Are there no depths to which New Labour will not sink?
@Anonymous at 9:50.
"Ad hominem" my arse.
According to your line of spurious "argument" the overwhelming majority of party members who voted for Jeremy Corbyn are no different to the SWP. Which of course is a load of coprolite. And a lot worse than "ad hominem" because it's a lying smear as a typical piece of "Look over there."
Not unexpected, though. Same old New Labour bullshit that supported the tories.
Tim, I've been following your blog for years, it's normally good stuff, and often excellent. But the last two lines in this post are puerile, patronising and unworthy of you. I mean, I'm presuming that all of your posts give you a 'warm feeling', but it didn't help you call or influence the last election or the referendum (which I'm afraid your rival Guido got right, very unfortunately) - so don't belittle those unprecedented numbers who are joining a political party to, yes, 'march', but also to post, blog, go to meetings, persuade friends and family, etc etc.
The split is being entirely orchestrated by the right of the party - the latest being that they're backdating the voting cut-off point to include not only members but union affiliates too - even though they've spent 15/20 years alienating the very people they now say that Corbyn can't 'reconnect' with.
Do wonder how many constituencies like mine there are, where Labour no longer appears to have an on-going presence. (And it once was very strong indeed).
No one working as a press officer to fed stuff to the local press.

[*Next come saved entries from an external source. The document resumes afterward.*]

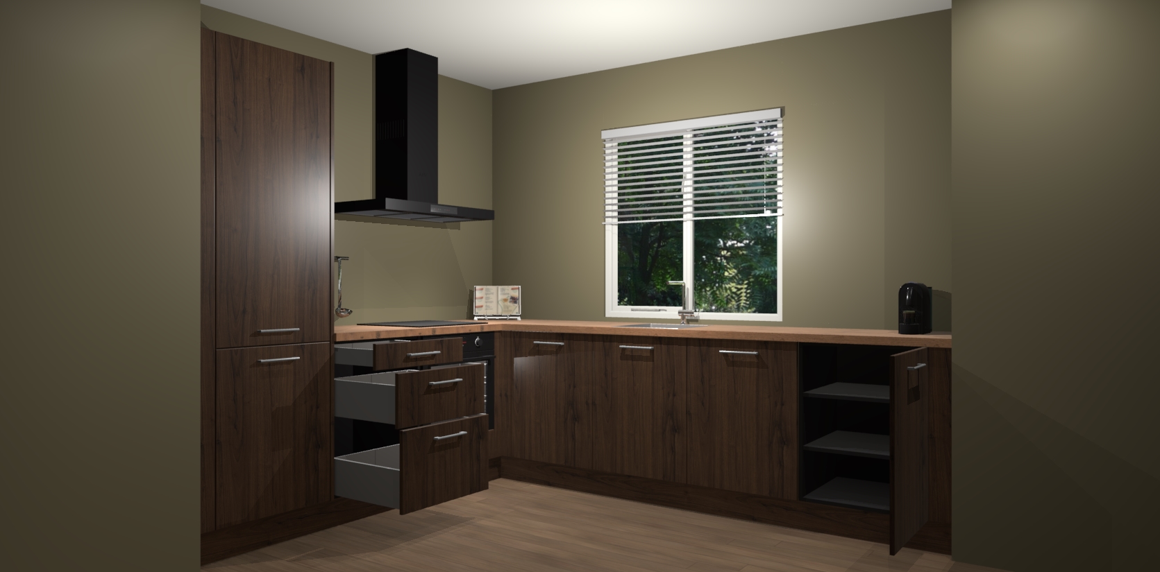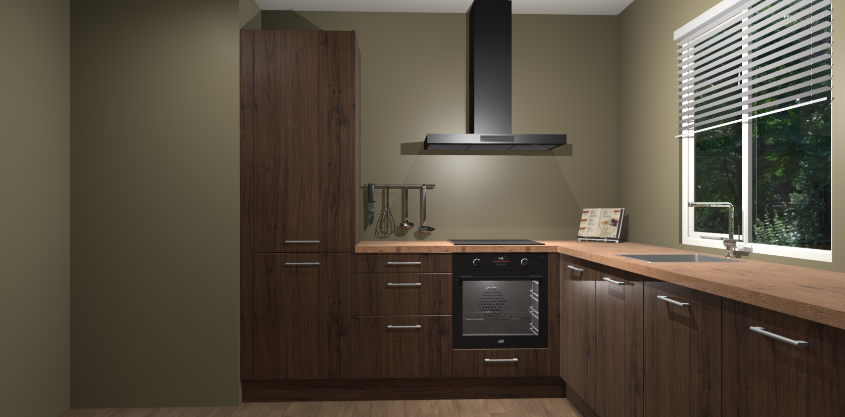 Maak kennis met de Noten keuken Doha - de perfecte aanvulling voor uw moderne keuken! Ervaar tijdloos design, elegantie en een chique uitstraling met onze zwarte handgrepen, soft-close deuren en veel opbergruimte. Dit alles wordt aangeboden tegen een vaste lage prijs voor ongeëvenaarde Duitse keukenkwaliteit!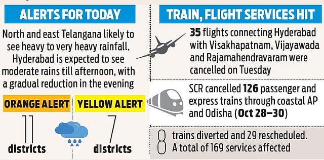 For Wednesday, the IMD has issued an orange alert for heavy to very heavy rainfall at isolated places in Adilabad, Mancherial, Nirmal, Jagtial, Karimnagar, Peddapalli, Jayashankar Bhupalpally, Mulugu, Bhadradri Kothagudem, Khammam and Mahbubabad districts. A yellow alert has also been issued for isolated heavy rainfall in Komaram Bheem Asifabad, Nizamabad, Rajanna Sircilla, Hanamkonda, Jangaon, Siddipet and Yadadri Bhuvanagiri districts.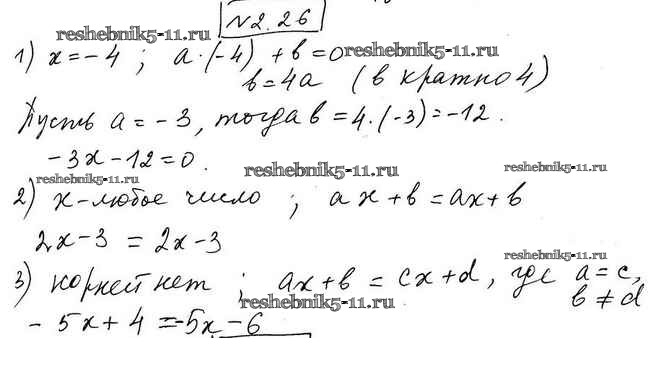 Готовая домашняя работа с ответами по Алгебре за 7 класс Мерзляк, Поляков Учебник Алгоритм успеха Углубленный уровень Вентана-граф 2019 ФГОС - §2. Линейное уравнение с одной переменной 2.26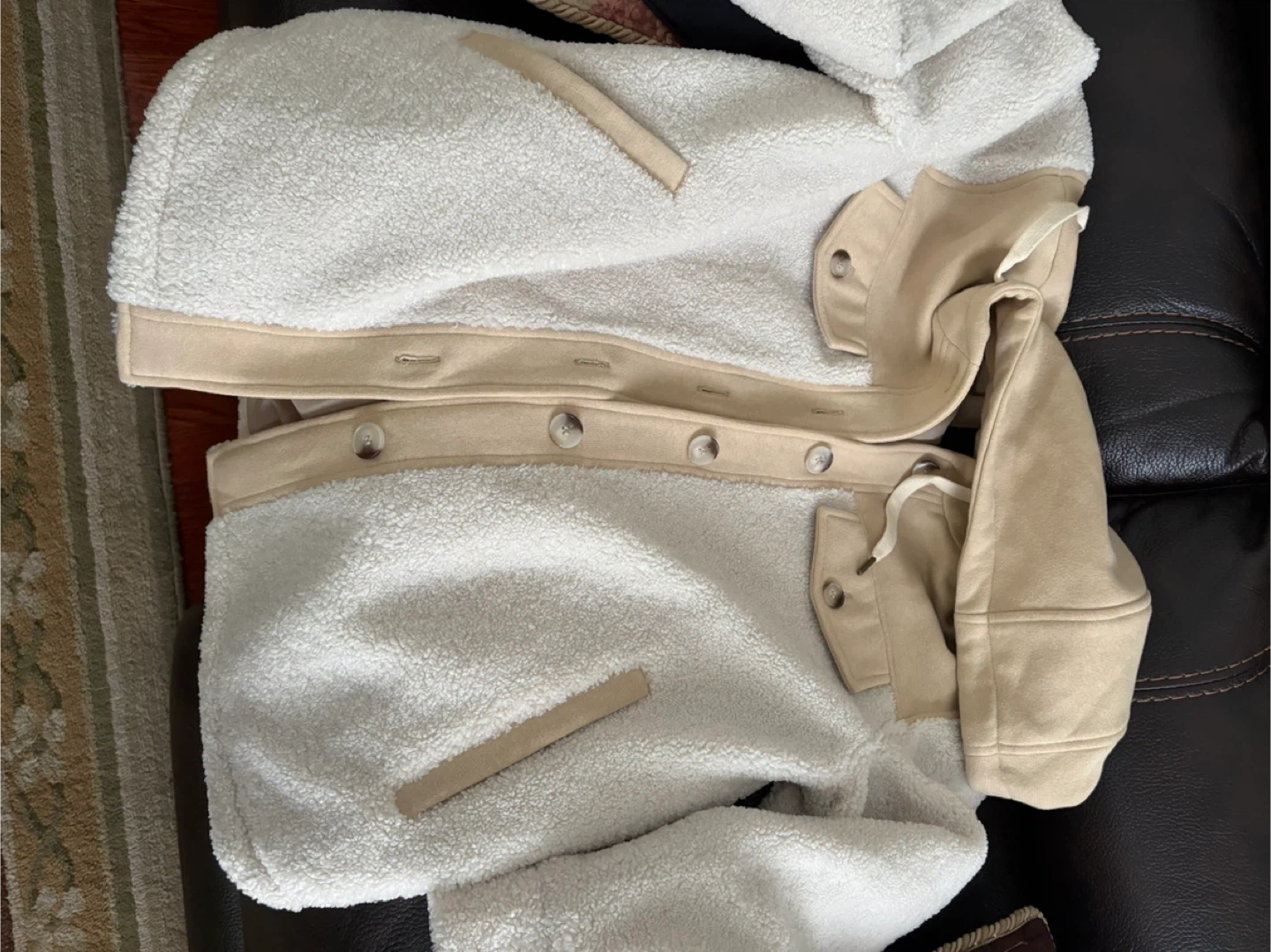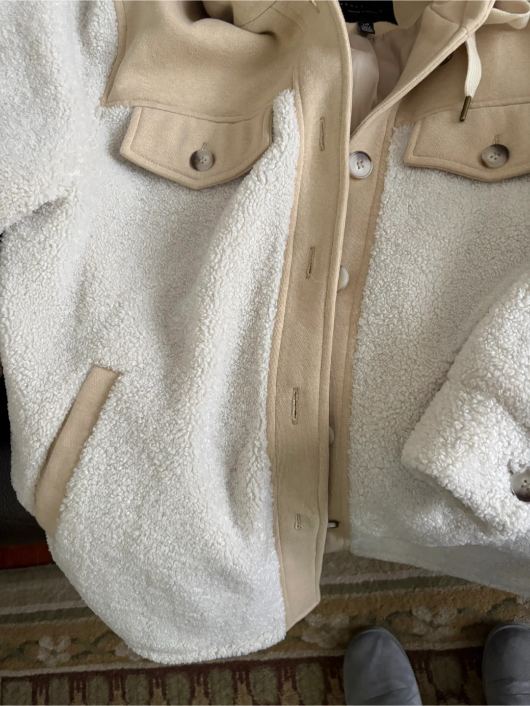 Cozy up in this stylish Sanctuary sherpa jacket. It's a cream and tan colour, and has a button-up front and two chest pockets. Perfect for cooler weather! Brand new - never worn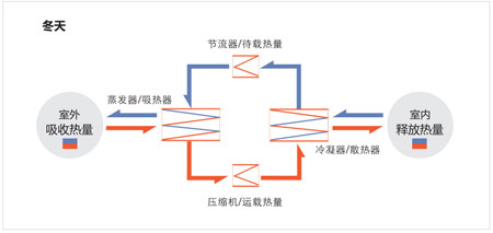 冬天的時候,室外機吸收室外的熱量帶到室內(nèi)釋放。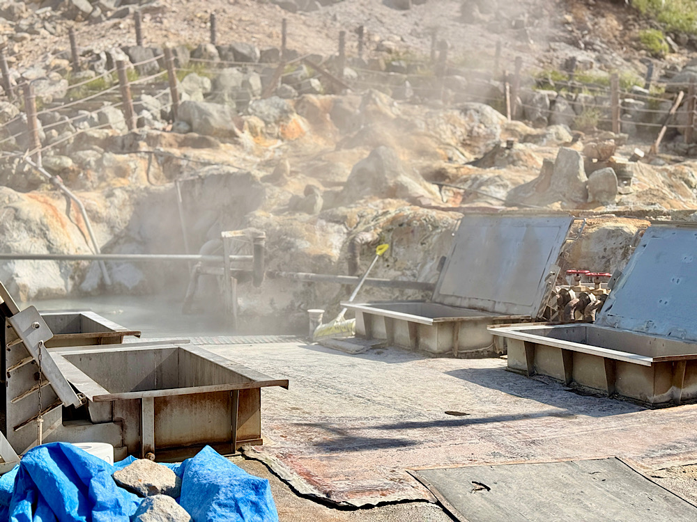 其中最不能錯過的,就是現場販售的黑玉子(黑色溫泉蛋)。這些黑玉子是直接使用大涌谷的地熱溫泉現場煮製而成,因為泉水中含有成分讓蛋殼變成獨特的黑色。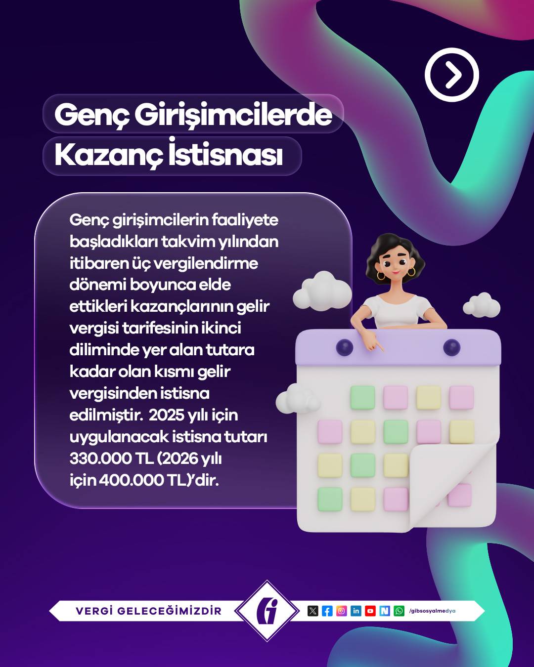 Genç girişimcilerin kazanç istisnası, faaliyete başladıkları takvim yılından itibaren üç vergilendirme dönemi boyunca uygulanıyor. Bu süre içerisinde elde edilen kazançların, gelir vergisi tarifesinin ikinci diliminde yer alan tutara kadar olan kısmı gelir vergisinden muaf tutuluyor.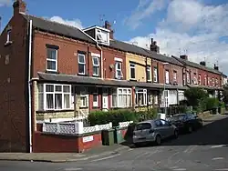 Burley grew from a village in the late Industrial Revolution, and there are several streets including the word 'village' including The Village Street. The area from The Village Street in the west to the railway line in the east, and north of Burley Road forms the Village Conservation Area.[2] Parts of the original village can still be seen at the junction of Burley Road and Haddon Road, and around Burley Lodge. Most houses constructed in Burley were of red-brick, but were generally smaller and largely back-to-backs. Industrial and commercial buildings were also largely brick-built. There are some larger stone-built buildings on Kirkstall Road such as the ornate Cardigan Arms public house—although this largely pre-dates most of the buildings in the area—which at the time of its construction only Burley Village existed, with the Arms somewhat outside.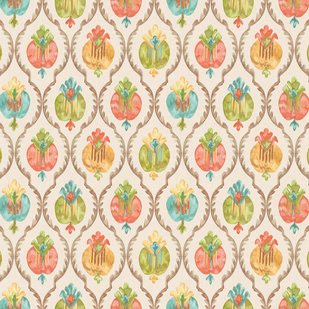 An ogee trellis enclosing stylised pomegranates in jewel-like colours, with one colourway on a metallic gold ground.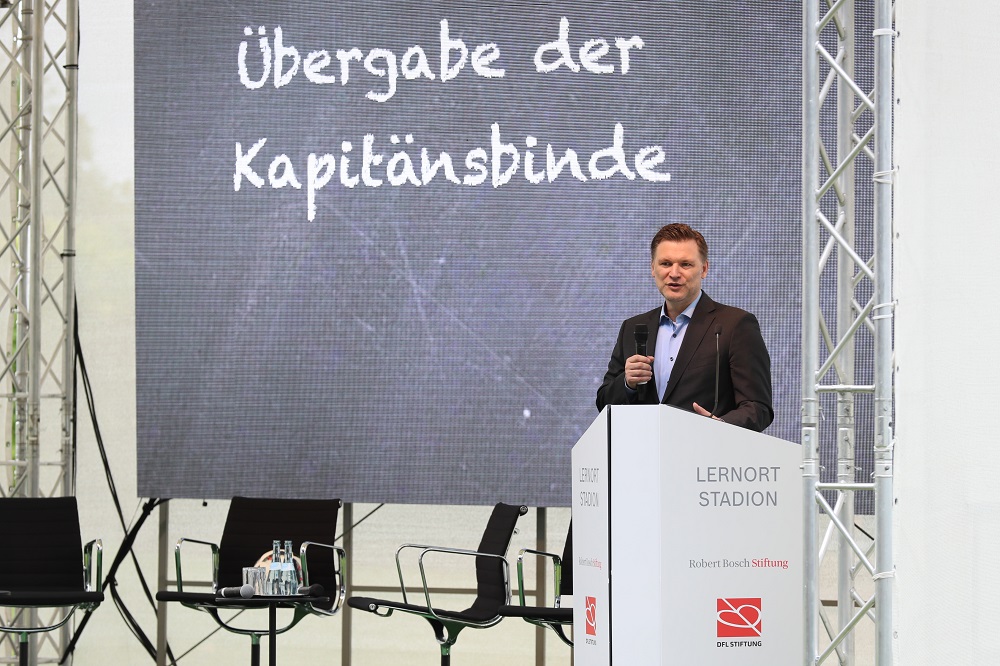 Am heutigen Tag übergab die Robert Bosch Stiftung nach acht Jahren die Kapitänsbinde des Hauptförderers von „Lernort Stadion“ an die DFL Stiftung.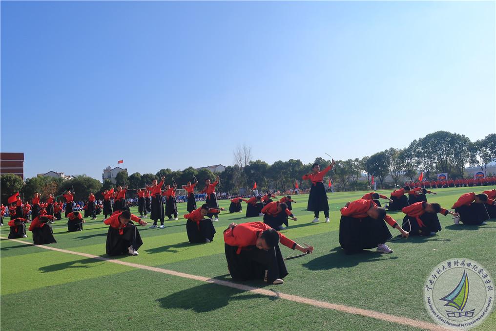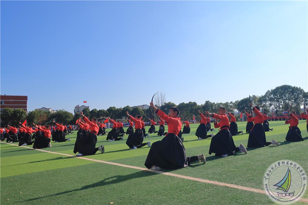 接下来,是初中部献给我校体育节精彩的团体节目《射礼》。射礼是贯穿我国数千年历史的重要礼仪,被明确记载于儒家经典仪礼之中,是中华民族宝贵的文化遗产。从先秦时期到宋明时期,射礼尤其在民间的乡舍里一直延续,生生不息。《礼记.射義》记载:“故男子生,桑弧蓬矢六,以射天地四方,天地四方者,男子之所有事也,故必先有志于其所有事。”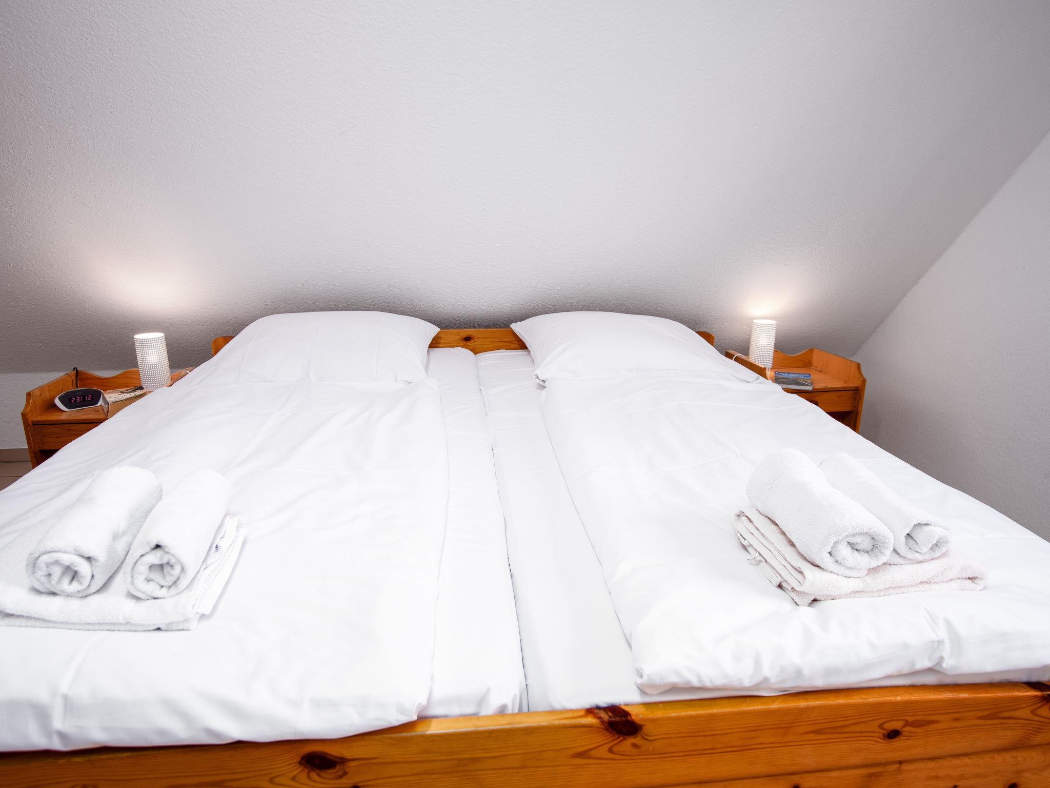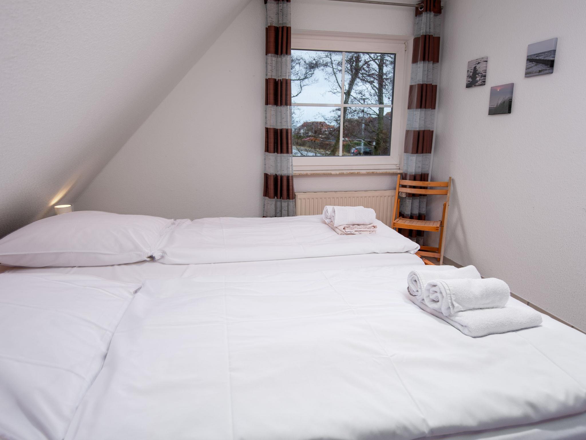 "Nordlicht", 4-Zimmer-Reihenhaus 70 m2 auf 3 Stockwerken, im Erdgeschoss. Schön und gemütlich eingerichtet: Wohn-/Esszimmer 22 m2 mit Digital-TV, Flachbildschirm und Radio. Ausgang zur Terrasse. Offene Küche (4 Kochplatten, Backofen, Geschirrspüler, Toaster, Wasserkocher, Mikrowelle, elektrische Kaffeemaschine). Sep. WC. Obergeschoss: 1 abgeschrägtes Zimmer 10 m2 mit 1 Doppelbett (2 x 100 cm, Länge 200 cm). 1 abgeschrägtes kleines Zimmer 6 m2 mit 1 Bett (90 cm, Länge 200 cm). Dusche/WC. Dachgeschoss: (steile Treppe) 1 abgeschrägtes kleines Zimmer 12 m2 mit 2 Betten (90 cm, Länge 200 cm). Kleine Terrasse, Rasen. Terrassenmöbel. Zur Verfügung: Kinderhochstuhl (extra). Internet (Wireless LAN, gratis). Bitte beachten: Nichtraucher-Haus. Maximal 1 Haustier/Hund erlaubt. Rauchmelder.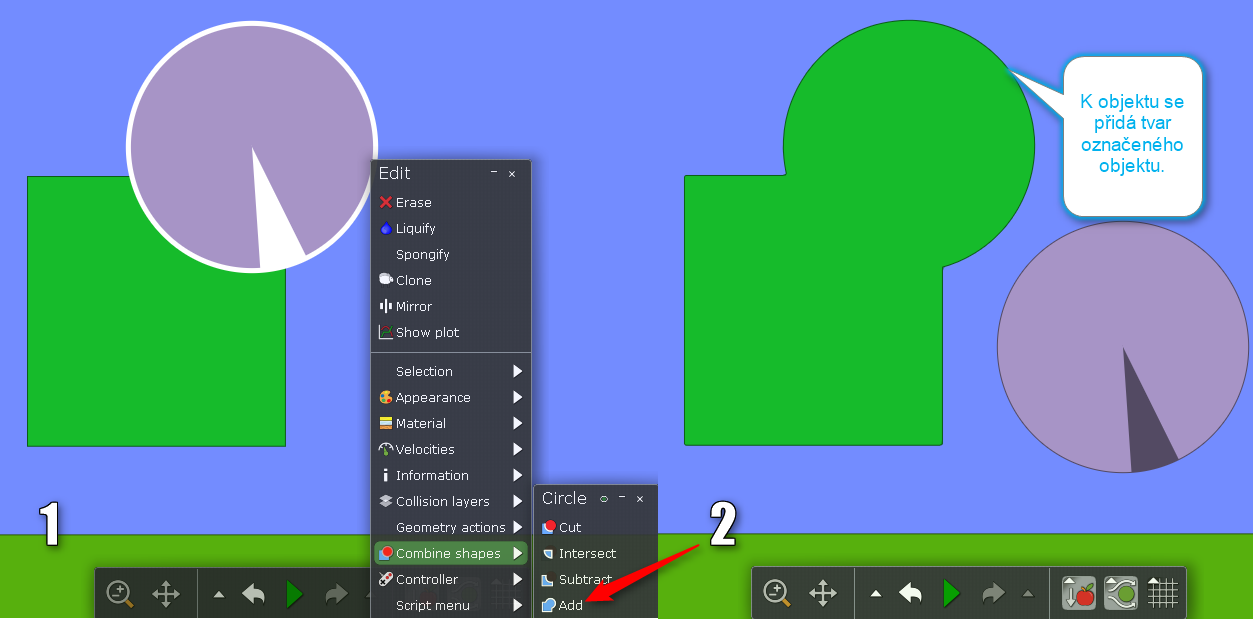 Add (Přidej) - sloučí dvě tělesa do jednoho.

Last time's prospective parliamentary candidate nowhere to be seen since then. You get the picture.
I suppose something will stir when an election is called and the next prospective gets parachuted in for a few weeks quick pavement pounding. A mere 35 minute train commute from central London.
Uphill battle though. The right hasn't been at all quiet over the last few years - and god didn't they smirk and go all triumphalist over the Leave result. Sort of "we lied and you lapped it up" smirk.
Perhaps on this issue I've read Tim's intention wrong.
I support Jeremy Corbyn but I haven't seen Tim's comments as anti-Corbyn at all. To me, he seems merely to point out obvious practical difficulties in the situation, albeit properly diluted with colloquialisms. So what?
Whether I like it or not (and I don't) these difficulties seem obvious. Ignoring them won't help. Facing and fighting them is required. Radical change never comes easily. And restoring fairness in this country will take years, not weeks or months. There is and has been too much immorality and corruption in Parliament for genuine democracy to be achieved quickly.
Like Tim, I thought Corbyn would be defeated quickly and the horrible norm maintained. But that didn't happen. This is encouraging and should be a reason for optimism. Whether Corbyn can deliver is another question. He should at least be given the opportunity to help dispose of the horror that is New Labour.
But perhaps I've read the blog wrongly. Only Tim can clarify. Maybe it's time for him to say if he supports Corbyn or not?